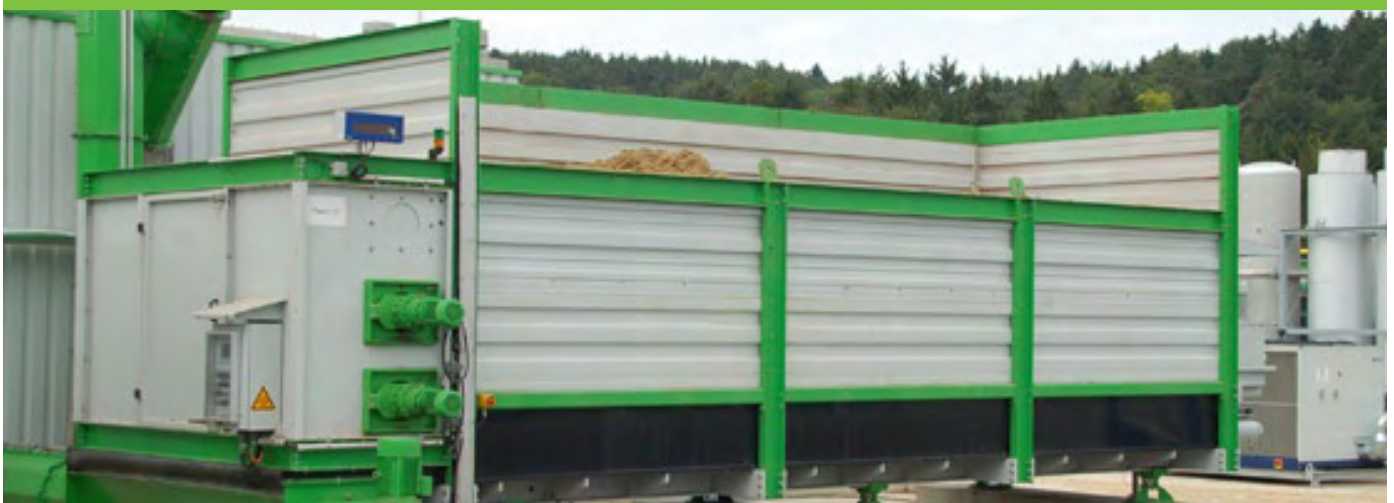
Abbildung: Schmack Biogas Komponenten GmbH
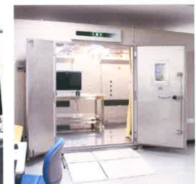
恒温恒湿室 (タバイエスペック TBL-6HA4G2A4C)
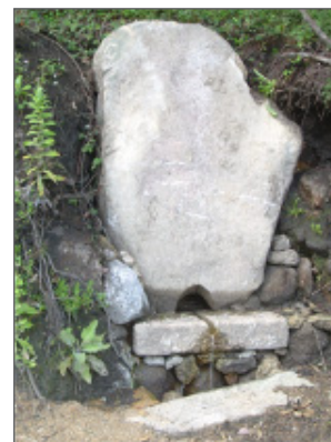
Fonte do Cocho de Abaixo.

Destá maneira son xa catorce as fontes de uso público coas que conta o pobo de Chandebrito.
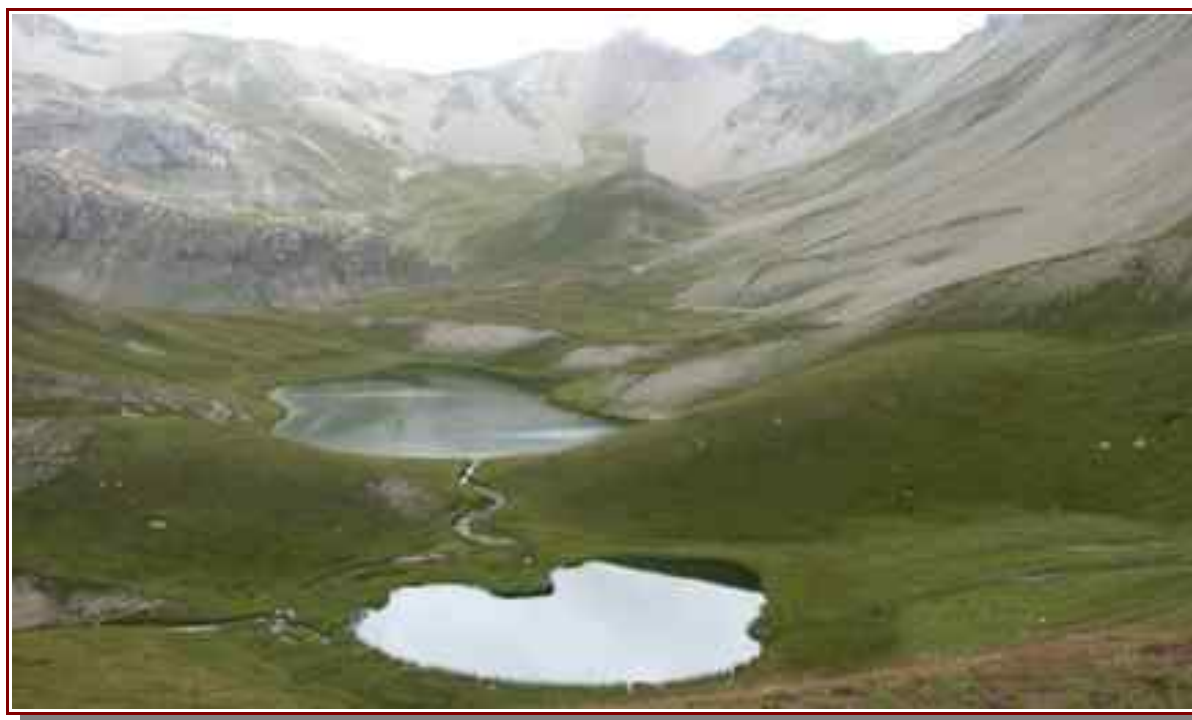
Les lacs d'Escur.

Itinéraire pour le sommet 12,8 km, 967 m de dénivelé positif.
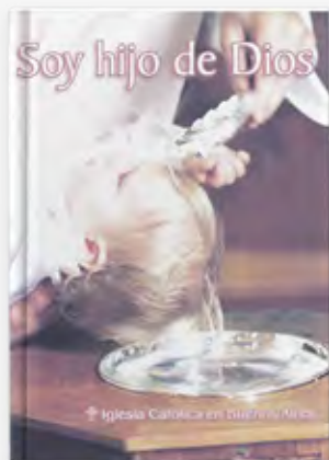
Catequesis para la Familia
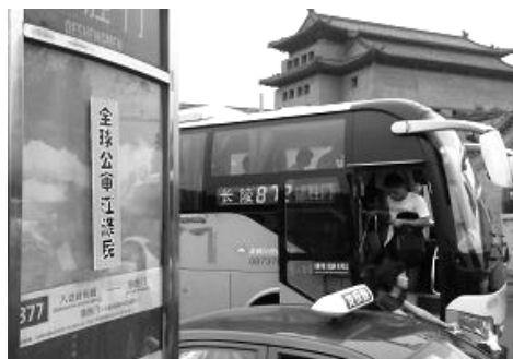
2015 年 6 月下旬，北京街头多处可见“全球公审江泽民”的标语。

退指退党、退团、退队）的事吗？给你个翻墙软件，你可以看到真实的中国和世界。”他说：“谢谢你，不麻烦你了。我会翻墙，我已经在网上退了。”接着又说：“我知道你们炼法轮功的都是好人。我在市公安局上班，是秘书。我没有直接参与迫害法轮功。等你们的李大师回国时，拜托一定替我说句好话，先谢谢你了！一定要帮我把话捎到啊！”◇
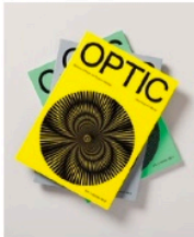
Counter-Print (Ed.): Optic. Ifold (Counter-Print) 2023, 200 Seiten. 25 Pfund. 978-1-9153920-6-0
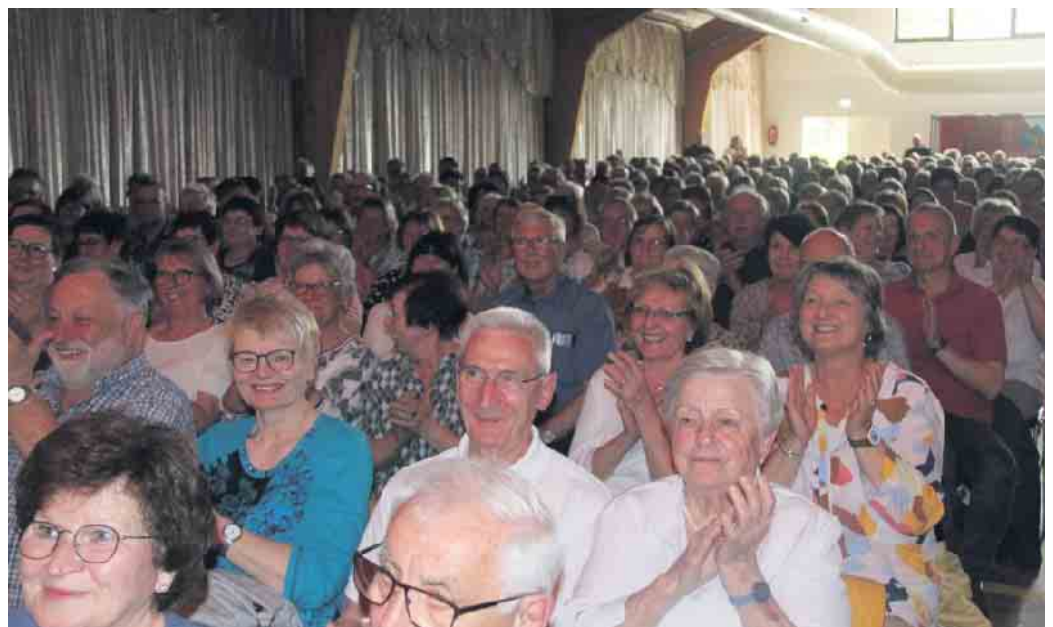
Das Publikum in der ausverkauften Schützenhalle amüsiert sich prächtig.

Dann wird Ruhrpott-Rockikone Stoppok auf der Bühne der Bad Driburger Schützenhalle stehen. Beginn ist um 20 Uhr, Einlass 19 Uhr. Stefan Stoppok ist Sänger, Musiker, deutschsprachiger Liedermacher und großartiger Gitarrist. Seine Musik ist eine eigenständige Mischung aus Folk, Rock, Blues und Country. Er singt mit feinem Humor über die Widrigkeiten des Alltags und profiliert sich dabei immer wieder neu als kritischer Betrachter seiner Umwelt.
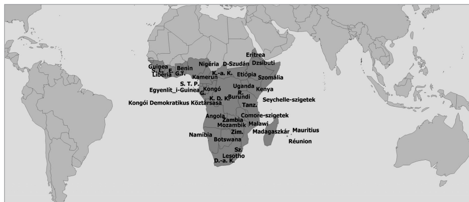
100. ábra: Trópusi-Afrika kultúrrégiójához tartozó országok

A fenti lehatárolás alapján Trópusi-Afrika mintegy 17 millió km 2 -es kiterjedésű terület, gyorsan növekvő lakossága 2012-ben közel 760 millió fő, mindkét jelzőszám tekintetében nagyjából 11 százalékos világrészesedéssel bír. (100. ábra) Ez egyúttal azt is jelenti, hogy átlagos népsűrűsége lényegében nem tér el a világtól. Trópusi-Afrika országait általában négy alrégióhoz szokás sorolni: Kelet-Afrika (amelytől egyes beosztásokban külön egységként kezelik Északkelet-Afrikát), Dél-Afrika, Egyenlítői-Afrika (más néven Közép-Afrika), valamint a Felső-Guineai-partvidék országait felölelő Nyugat-Afrika.

* TASK DESCRIPTION:
The answer consists of the records repeated exactly, without any images.

* COMPLETED TASK:
Abbildung: Schmack Biogas Komponenten GmbH
恒温恒湿室 (タバイエスペック TBL-6HA4G2A4C)
Fonte do Cocho de Abaixo.

Destá maneira son xa catorce as fontes de uso público coas que conta o pobo de Chandebrito.
Les lacs d'Escur.

Itinéraire pour le sommet 12,8 km, 967 m de dénivelé positif.
Catequesis para la Familia
2015 年 6 月下旬，北京街头多处可见“全球公审江泽民”的标语。

退指退党、退团、退队）的事吗？给你个翻墙软件，你可以看到真实的中国和世界。”他说：“谢谢你，不麻烦你了。我会翻墙，我已经在网上退了。”接着又说：“我知道你们炼法轮功的都是好人。我在市公安局上班，是秘书。我没有直接参与迫害法轮功。等你们的李大师回国时，拜托一定替我说句好话，先谢谢你了！一定要帮我把话捎到啊！”◇
Counter-Print (Ed.): Optic. Ifold (Counter-Print) 2023, 200 Seiten. 25 Pfund. 978-1-9153920-6-0
Das Publikum in der ausverkauften Schützenhalle amüsiert sich prächtig.

Dann wird Ruhrpott-Rockikone Stoppok auf der Bühne der Bad Driburger Schützenhalle stehen. Beginn ist um 20 Uhr, Einlass 19 Uhr. Stefan Stoppok ist Sänger, Musiker, deutschsprachiger Liedermacher und großartiger Gitarrist. Seine Musik ist eine eigenständige Mischung aus Folk, Rock, Blues und Country. Er singt mit feinem Humor über die Widrigkeiten des Alltags und profiliert sich dabei immer wieder neu als kritischer Betrachter seiner Umwelt.
100. ábra: Trópusi-Afrika kultúrrégiójához tartozó országok

A fenti lehatárolás alapján Trópusi-Afrika mintegy 17 millió km 2 -es kiterjedésű terület, gyorsan növekvő lakossága 2012-ben közel 760 millió fő, mindkét jelzőszám tekintetében nagyjából 11 százalékos világrészesedéssel bír. (100. ábra) Ez egyúttal azt is jelenti, hogy átlagos népsűrűsége lényegében nem tér el a világtól. Trópusi-Afrika országait általában négy alrégióhoz szokás sorolni: Kelet-Afrika (amelytől egyes beosztásokban külön egységként kezelik Északkelet-Afrikát), Dél-Afrika, Egyenlítői-Afrika (más néven Közép-Afrika), valamint a Felső-Guineai-partvidék országait felölelő Nyugat-Afrika.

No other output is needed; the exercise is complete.